Part 1 - The Bank
The Bank
So this past Monday I went into my bank with the intention of depositing some money orders to cover charges I knew would be automatically credited my account later that day or the day after.
“Here you go. Now, this will be available as of immediately, right?”
“No, Sir. This will clear after midnight the day after tomorrow.”
“Say again?”
“Well, today is Monday and the money order will take one business day to clear, so it will be available after midnight, Wednesday.”
“That makes no sense at all. Wednesday. Money orders ARE money, right?”
“Right.”
“So why do they have to “clear,” period?”
“Sorry, Sir. That is bank policy.”
“Wait.
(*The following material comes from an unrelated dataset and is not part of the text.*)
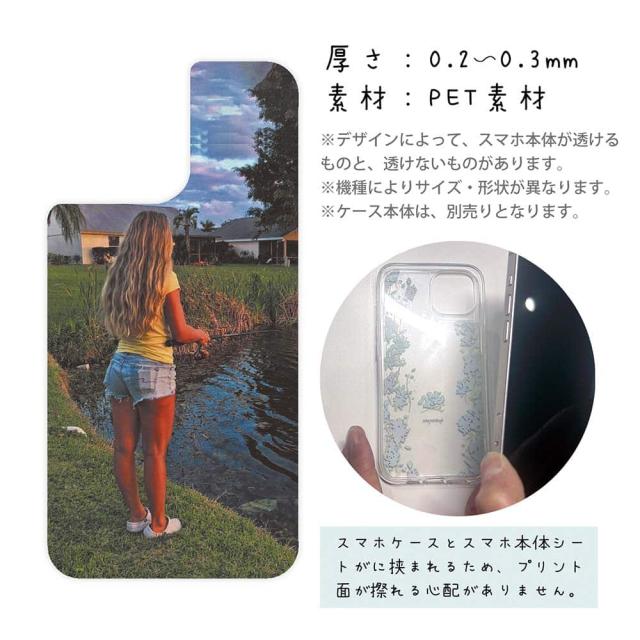 | 注意事項 | ・他の商品とは異なり、お客様都合による交換・返品・キャンセルは一切できない商品となります。ご注文の前に必ず間違いがないかを入念に確認してください。 ・また、シートの取り付け時におけるケースやスマホ本体の破損などは、弊社の責任範囲外となります。 ・UV印刷という方法でシートの印刷をしているため、表面は少しザラついているマット加工になります(商品画像より色が沈んで感じるかも知れません)。 ・背面が曲線になっている機種は対応できません(例えばXperia XZ3など)。 ・お手持ちのスマホケースの背面の状況によって、デザインシートの透け方が変わりますので、予めご了承下さい(曇りガラスのように透けにくい場合はデザインが見えにくくなります)。 ・スマホケースは付属していません(別売)。 ・商品画像の5枚目と6枚目の写真は、スマホの背面の色によるサンプル画像です。シートの背面が透明の場合は、スマホの背面が透けるという意味になりますので、背景の色を変更している訳ではありません。 |

Do you cash money orders here?”
“Yes, Sir.”
“So how about we cash the money orders and deposit the cash?”
“We can do that.”
“You’re kidding me, right? I will never get back the last two minutes of my life arguing with you about clearing checks, when you could have just told me to cash them to begin with.”
“Well, Sir, we –“
“Nevermind. Here. Let’s CASH them and DEPOSIT them. Now, that will be available as of immediately, right?”
“No, Sir. It won’t be available until tomorrow.”
“Come again?”
“You see, Sir. It’s after 2 o’clock now, and that means that we are operating on tomorrow’s time. Technically everything we do after 2 will be processed on Tuesday, tomorrow.”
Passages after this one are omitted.